One of the looters, Bernard Melancon, reaches out to Robicheaux. He is possibly responsible for the death of a priest and the rape of teenage girl, but now seeks redemption.

Meanwhile, Ronald Bledsoe shows up claiming to be a private detective. Robicheaux suspects Kovick hired Bledsoe to recover the diamonds stolen when his house was robbed. Bledsoe's advances toward Robicheaux's adopted daughter Alafair suggest another agenda.

The landscape is the perfect setting for Burke's visions of good and evil. The Tin Roof Blowdown is an extraordinary novel. A must for all lovers of American crime fiction.

In Jon Evans' The Night Of Knives (Hodder & Stoughton, £19.99), Veronica Kelly arrives in Africa for a new start.

Reeling from her divorce, she is grateful when a handsome stranger invites her on an expedition to visit gorillas in Uganda's wild Impenetrable Forest.

But the trip goes desperately wrong when the tourists are captured by brutal gunmen, marched into the lawless Congo, and held for ransom.

One tourist is executed, then another - their killings posted on YouTube. Soon it seems their abduction was not random, but premeditated, the first move in a deadly game that may consume entire nations.
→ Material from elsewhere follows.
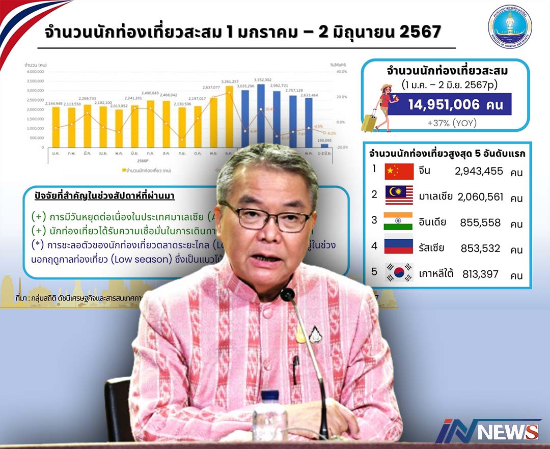 นายกฯรุกพัฒนาบุคลากรสู่'ฮับท่องเที่ยว' 5เดือนปี67ต่างชาติเที่ยวไทย14.9ล.คน

A gripping and terrifying read. Evans is definitely a name for the future.

Dead Man (Hodder & Stoughton, £19.99) by Stephen Leather sees another outing for Dan "Spider" Shepherd.

The former SAS man is now working undercover for the Serious Organised Crime Agency.

Robbie Carter, an RUC special branch officer, is murdered in front of his wife and child by an IRA squad. All five members are released from prison under the Good Friday Agreement, but one by one they are being killed and the gun used is Carter's.

Shepherd is sent to track down the killer, but he has another problem. A Saudi terrorist is seeking revenge for the deaths of his two sons at the hands of the Americans. His targets are Shepherd's boss, Charlotte Button, and Richard Yokely, a former CIA operative, now involved with Homeland Security.

He sends a hitman to assassinate them and killing Shepherd would bring his boss out into the open.

Dead Man is a page-turning read which cements Leather as one of Britain's leading thriller writers.

After their thrilling exploits in Matthew Reilly's bestseller, Seven Ancient Wonders, super soldier Jack West and his team of adventurers return in The Six Sacred Stones (MacMillan, £14.99) to face an all-but-impossible challenge.

A mysterious ceremony in an unknown location has triggered a catastrophic countdown that could destroy all life on Earth.

There is one last hope. If Jack's team can find and rebuild a legendary ancient device known only as the "Machine", they might be able to ward off this coming Armageddon.

The only clues to its location, however, are held within the fabled Six Sacred Stones, lost in the fog of history.

So the hunt begins... from Stonehenge in England, to the deserts of Egypt, to the Three Gorges region of China.

Far-fetched nonsense, which you can't help but enjoy.